Use of available data
Most commonly, the content analyst chooses from the vast store of communications already available in libraries, clinics, archives, records, and family attics. Thus, he must know how to utilize the benefits of available data, while avoiding their pitfalls.
Advantages. Several advantages accrue to the student of communication who decides to use materials that already exist rather than to elicit new ones. (1) Time, labor, and expense can often be saved when the researcher can go directly to the heart of his analysis, bypassing preliminary field work, experimentation, or commissioning of documents. (2) When massive data are required, beyond the scope of a single new study, existing content materials frequently afford wide ranges of potentially relevant variables and of refinement in the measurement of each variable. (3) Most important, the available data afford the only means of studying certain kinds of communication problems. Past events cannot be observed directly by the re-searcher, nor can events beyond the recollection of respondents living today be reached through questioning. Thus, the analysis of historical situations or of long-term trends—the important study of social change—depends upon the prior existence of relevant materials. Similarly, study of cross-cultural communications from remote places (e.g., of world-wide tastes in movies or folklore or of similarities and differences in attention to major political symbols in different countries) may require materials that cannot be elicited by the researcher directly. Communication contents in technical fields that are beyond the competence of the researcher may have been originally assembled in usable form by an expert such as a psychiatrist, a social worker, or an ethnographer. Sometimes, as in letters or diaries, existing materials may provide deep insights into intimate feelings or personal relationships; and sometimes, as in Sorokin's analysis, they may widen the investigator's focus to include macroscopic social or cultural systems.

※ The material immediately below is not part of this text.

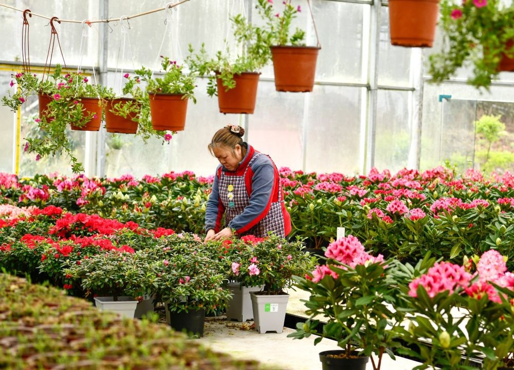 農(nóng)民在貴州省畢節(jié)市百里杜鵑管理區(qū)匯境花卉基地管護(hù)花卉(2023年3月28日攝)。新華社記者 楊文斌 攝
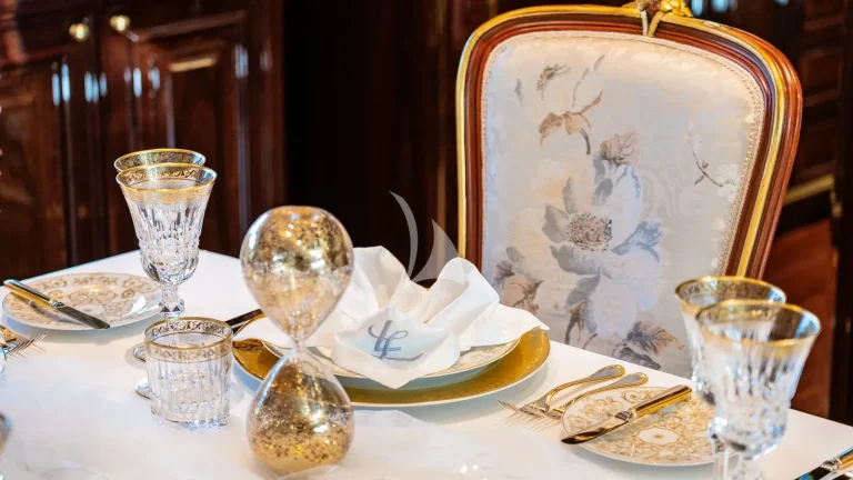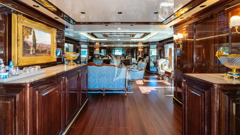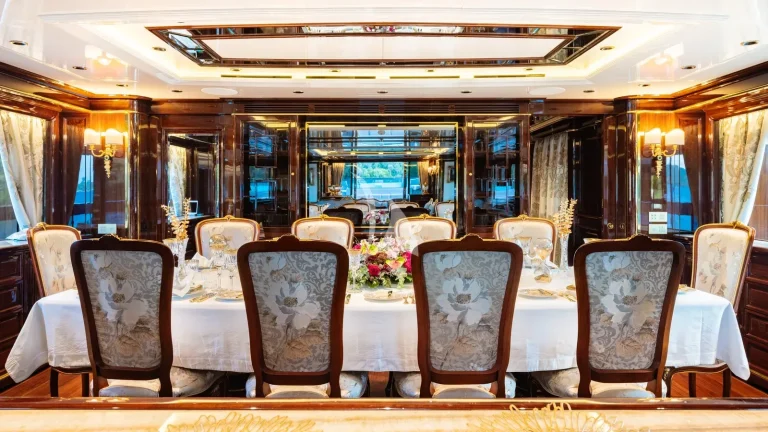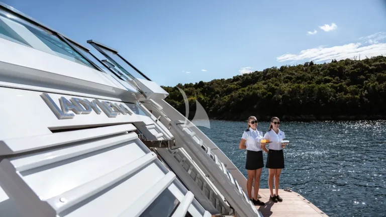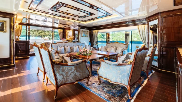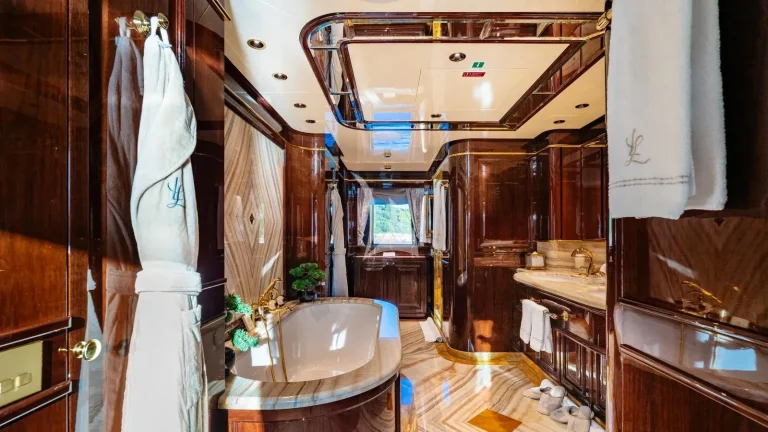 Offering versatile charter accommodation, Lady Lena can welcome up to 12 guests over six staterooms, comprising of the full beam Primary Stateroom, three VIP and two multi-purpose doubles with sofa-beds and pullmans. All staterooms are exquisitely finished, with the primary stateroom being a particular haven of luxury, with a separate office and onyx-clad bathroom, complete with his and hers vanity, full bath and separate shower room. Excellent service is guaranteed, with nine crew members on board to look after guest’s every need, and on-board luxuries such as a Spa are guaranteed to leave everyone relaxed and refreshed at the end of their stay.

Pitfalls. Against such impressive assets must be set certain basic problems to be overcome in the utilization of data not originally assembled for the present purposes. (1) The materials are often incomplete. The content analyst must attempt to discover any absences of letters from a file of correspondence or of speeches from a set, which may mean that the data lack representativeness. (2) The data may lack reliability or validity. An isolated record of a historical event, for example, cannot be checked through comparison of different accounts or through direct observation or questioning by the researcher. Clues to validity can often be obtained, however, by comparing two sets of data believed to reflect the same concept, as does Sorokin (1937–1941) when he shows the parallelism between trends in scientific discoveries and the trends in empirical thought derived from content analysis. (3) Data from differing sociotemporal contexts may not be directly comparable, as sources of information may themselves change over time or from one country to another, or the same categories may take on different meanings. This difficulty requires careful documentation and the search for linguistic equivalences. (4) Finally, the data that come to the researcher in a form he does not fully understand may not fit his definitions of the concepts under scrutiny. Unlike the researcher who handles data he himself has collected, he is often unfamiliar with the circumstances under which the communications originally took place. Yet the content of a diary may depend upon whether it was written for public or private consumption, and the answer to an open question may be affected by interviewer bias. Here the important caveat is to attempt to reconstruct the process by which the data were produced, spelling out and, insofar as possible, offsetting any limitations and biases and recasting the data in a form suitable for the new problem.
Although the researcher may on occasion have to reject given data because he cannot adequately assess their limitations or find suitable means of compensating for them, the great variety of available data which may in some sense be classified as communications constitutes a highly valuable re-source for the further application of content analysis.
Use of measurement
The content analyst makes use of his data to measure his concepts, rather than to describe them in discursive language. His data consist of certain concrete communications of certain concrete individuals (the cases). His conceptual model contains corresponding definitions of particular types of orientations, actions, or characteristics (the properties) of particular types of persons or collectivities. What he does, in effect, is to treat the sense data (the written or spoken words, the gestures or pictures which he observes as manifestations or indicants of these properties (the ideas which he holds in his mind). Measurement is defined here, then, as the classification of cases (persons, groups) in terms of a given property, according to some rules for selecting and combining appropriate communications data as indicants.
Composite measures. The measurement rules followed in content analysis vary in detail with the study; but in general they are characterized by a two-stage procedure that results in a composite, rather than a simple, measure. The researcher does not simply classify (code) each case as a whole. Rather, he breaks down the total communication into a set of constituent units (e.g., words, assertions, articles, books); he first codes each of these content units separately, and then he recombines the coded units to provide the composite measure. Bales, for example, in classifying his cases (groups) according to various dimensions of interaction, might well have observed an entire small-group session and then assigned over-all ratings (simple measures) to indicate the extent to which, for example, solidarity was expressed or tension-management activities had occurred. Instead, he broke down the property (interaction) into small content units (acts), categorized the behavior act by act, and then counted the number of acts in each category. This composite measure gives a group profile —a distribution of the total number of acts among code categories—by which groups are classified according to the extent to which members show agreement, engage in tension-management activities, and so on.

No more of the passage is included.